▶ **Task to carry out**
Your copy should hold only the lines from the one with "在吆喝、討價(jià)還價(jià)聲中" to the one with "Elegant V-Neck Beading", both included, each exactly as it stands below, with no pictures.
Excerpted data START
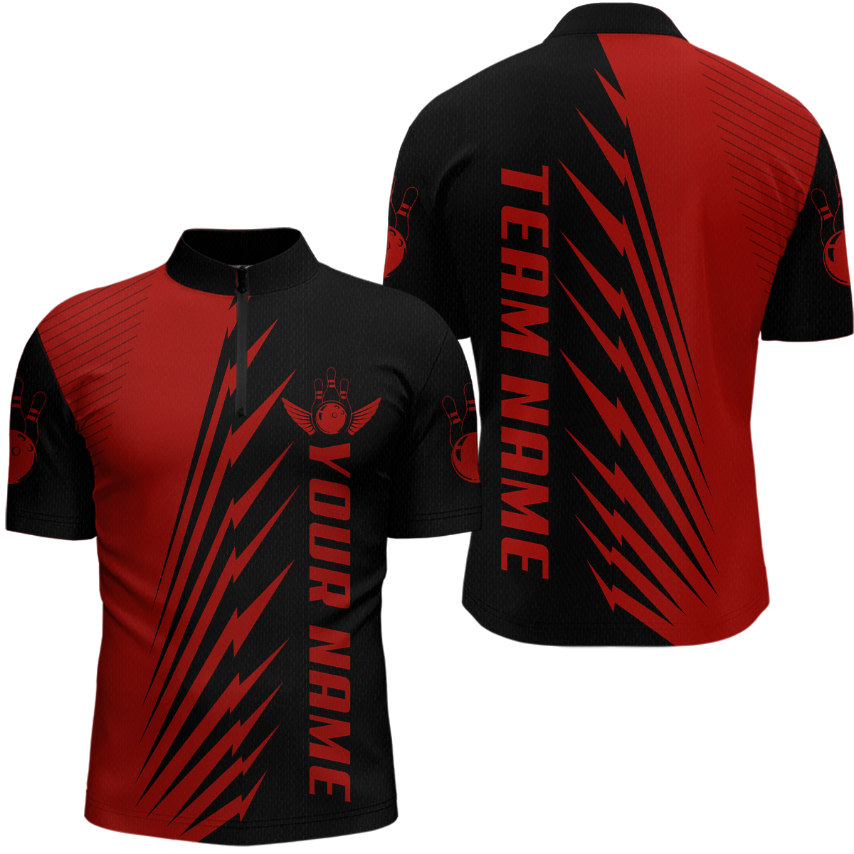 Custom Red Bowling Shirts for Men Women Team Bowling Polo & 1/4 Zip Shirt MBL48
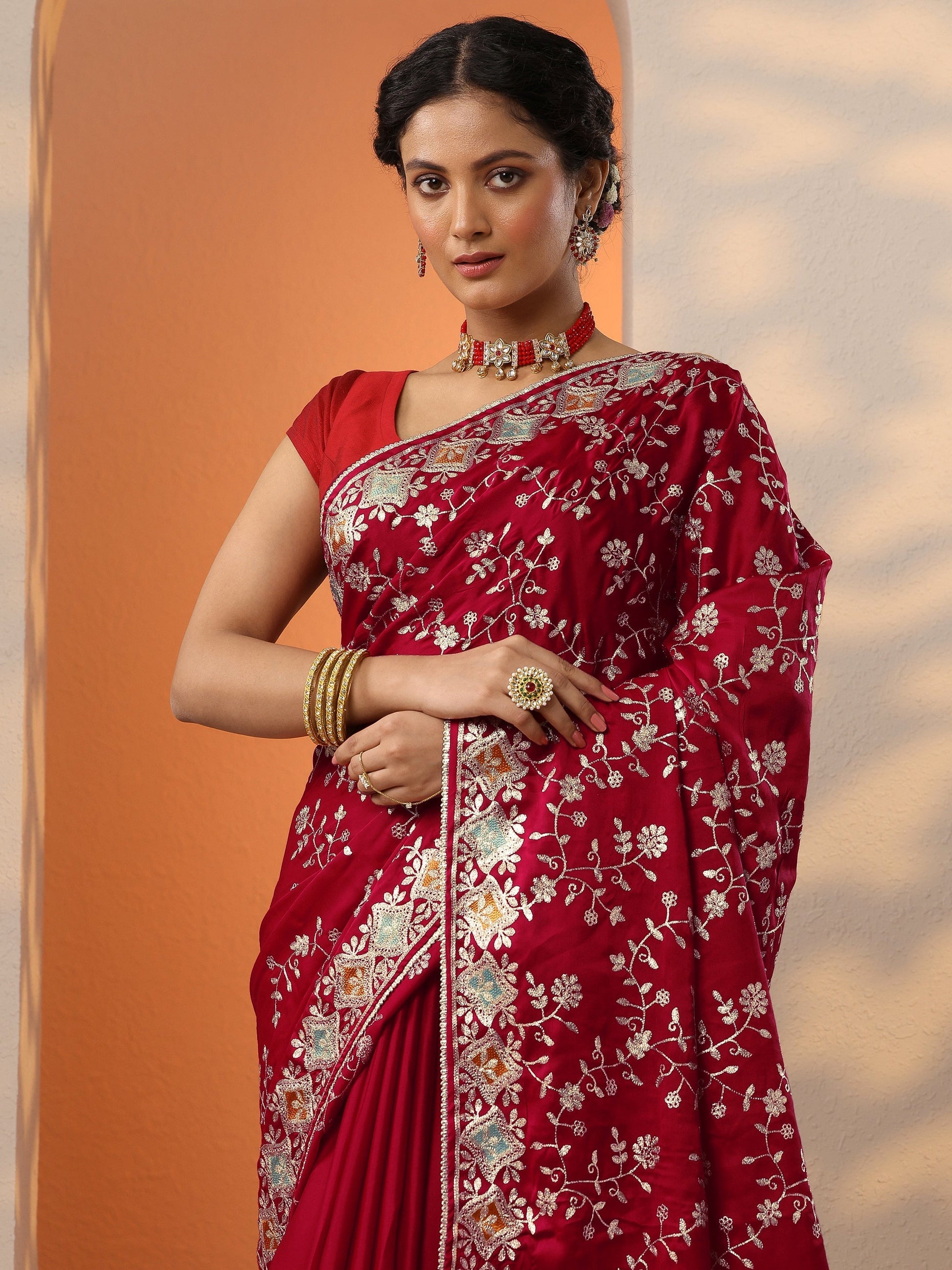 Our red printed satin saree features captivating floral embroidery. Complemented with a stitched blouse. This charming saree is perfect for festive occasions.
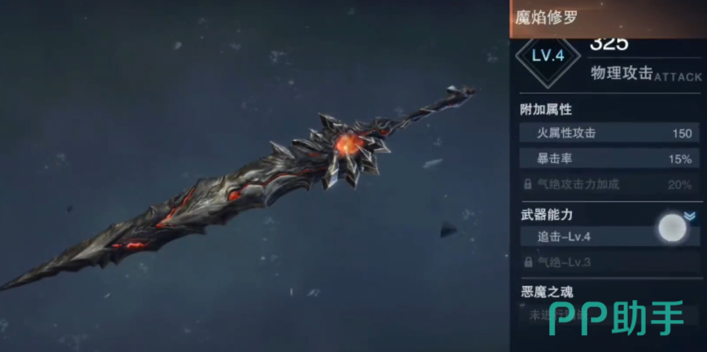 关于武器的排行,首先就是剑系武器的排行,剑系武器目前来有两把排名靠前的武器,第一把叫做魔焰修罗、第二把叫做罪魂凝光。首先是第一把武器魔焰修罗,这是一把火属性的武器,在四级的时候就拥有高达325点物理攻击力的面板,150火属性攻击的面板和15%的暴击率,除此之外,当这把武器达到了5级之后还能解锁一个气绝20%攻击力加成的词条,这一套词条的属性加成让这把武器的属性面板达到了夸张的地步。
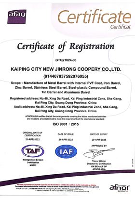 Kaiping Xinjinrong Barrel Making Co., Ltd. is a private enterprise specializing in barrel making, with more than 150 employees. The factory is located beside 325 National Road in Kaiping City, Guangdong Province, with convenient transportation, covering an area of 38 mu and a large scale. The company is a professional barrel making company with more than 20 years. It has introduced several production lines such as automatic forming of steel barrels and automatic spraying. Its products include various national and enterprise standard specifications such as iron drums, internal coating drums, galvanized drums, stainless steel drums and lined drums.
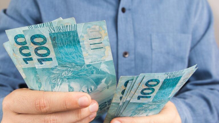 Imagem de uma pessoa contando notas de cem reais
Excerpted data END
Excerpted data START
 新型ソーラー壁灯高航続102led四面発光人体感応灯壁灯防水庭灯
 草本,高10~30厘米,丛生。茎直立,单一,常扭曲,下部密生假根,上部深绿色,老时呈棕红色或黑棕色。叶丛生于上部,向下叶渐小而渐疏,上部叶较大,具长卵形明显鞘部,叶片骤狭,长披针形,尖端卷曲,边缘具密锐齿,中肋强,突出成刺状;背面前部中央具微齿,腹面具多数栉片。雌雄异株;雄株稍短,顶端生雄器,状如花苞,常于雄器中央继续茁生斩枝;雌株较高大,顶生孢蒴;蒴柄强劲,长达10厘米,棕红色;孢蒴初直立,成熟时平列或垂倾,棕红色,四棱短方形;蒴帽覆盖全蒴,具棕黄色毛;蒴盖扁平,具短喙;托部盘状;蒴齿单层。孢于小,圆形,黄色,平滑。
Excerpted data END
Excerpted data START
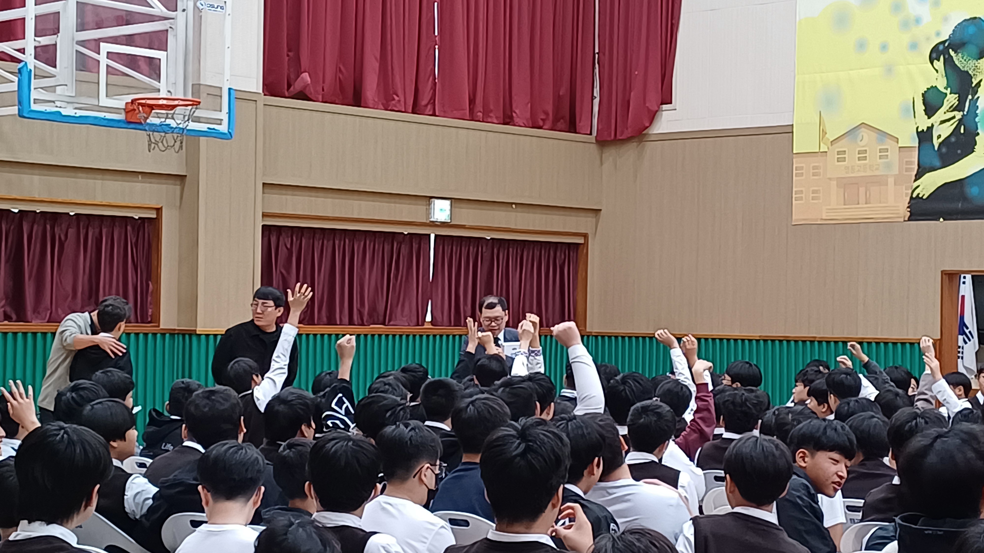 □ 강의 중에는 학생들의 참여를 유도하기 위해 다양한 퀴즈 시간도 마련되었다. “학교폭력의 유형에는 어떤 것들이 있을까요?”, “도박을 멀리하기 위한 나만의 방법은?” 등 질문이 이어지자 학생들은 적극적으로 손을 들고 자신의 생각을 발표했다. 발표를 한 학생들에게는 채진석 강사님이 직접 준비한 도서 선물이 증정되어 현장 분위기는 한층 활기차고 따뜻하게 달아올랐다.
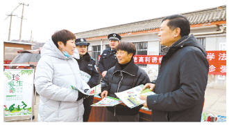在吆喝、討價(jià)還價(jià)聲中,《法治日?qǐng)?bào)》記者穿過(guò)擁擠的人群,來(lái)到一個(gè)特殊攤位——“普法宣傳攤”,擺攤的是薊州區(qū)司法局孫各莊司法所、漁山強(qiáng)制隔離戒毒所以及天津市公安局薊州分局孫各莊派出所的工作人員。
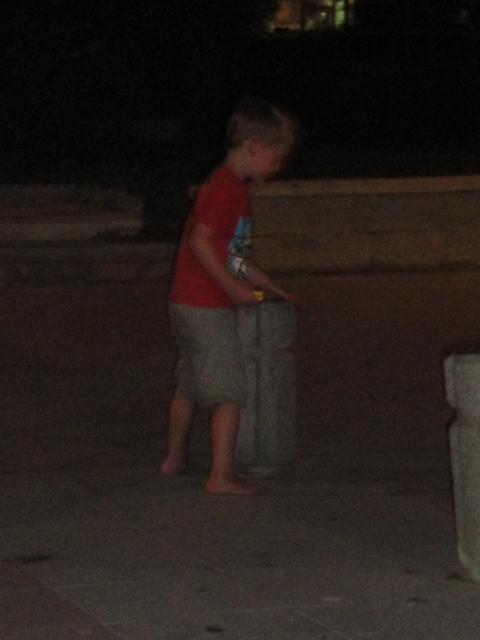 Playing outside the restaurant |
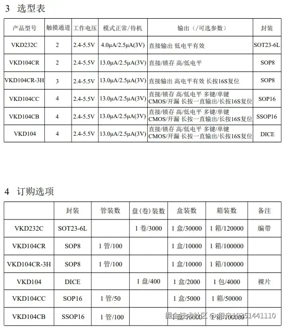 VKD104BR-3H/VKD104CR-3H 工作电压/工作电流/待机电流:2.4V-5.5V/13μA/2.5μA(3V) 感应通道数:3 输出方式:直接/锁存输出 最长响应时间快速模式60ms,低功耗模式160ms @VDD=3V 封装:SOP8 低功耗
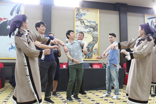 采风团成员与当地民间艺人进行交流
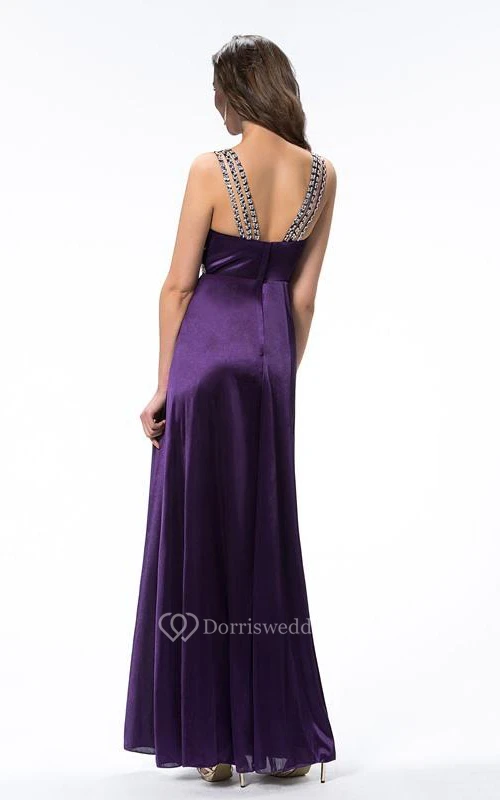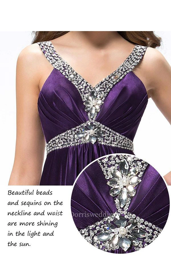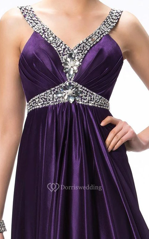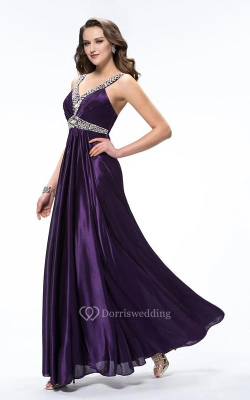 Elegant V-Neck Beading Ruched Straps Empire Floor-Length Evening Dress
Excerpted data END
▶ **Answer to this exercise**
在吆喝、討價(jià)還價(jià)聲中,《法治日?qǐng)?bào)》記者穿過(guò)擁擠的人群,來(lái)到一個(gè)特殊攤位——“普法宣傳攤”,擺攤的是薊州區(qū)司法局孫各莊司法所、漁山強(qiáng)制隔離戒毒所以及天津市公安局薊州分局孫各莊派出所的工作人員。
 Playing outside the restaurant |
 VKD104BR-3H/VKD104CR-3H 工作电压/工作电流/待机电流:2.4V-5.5V/13μA/2.5μA(3V) 感应通道数:3 输出方式:直接/锁存输出 最长响应时间快速模式60ms,低功耗模式160ms @VDD=3V 封装:SOP8 低功耗
 采风团成员与当地民间艺人进行交流
 Elegant V-Neck Beading Ruched Straps Empire Floor-Length Evening Dress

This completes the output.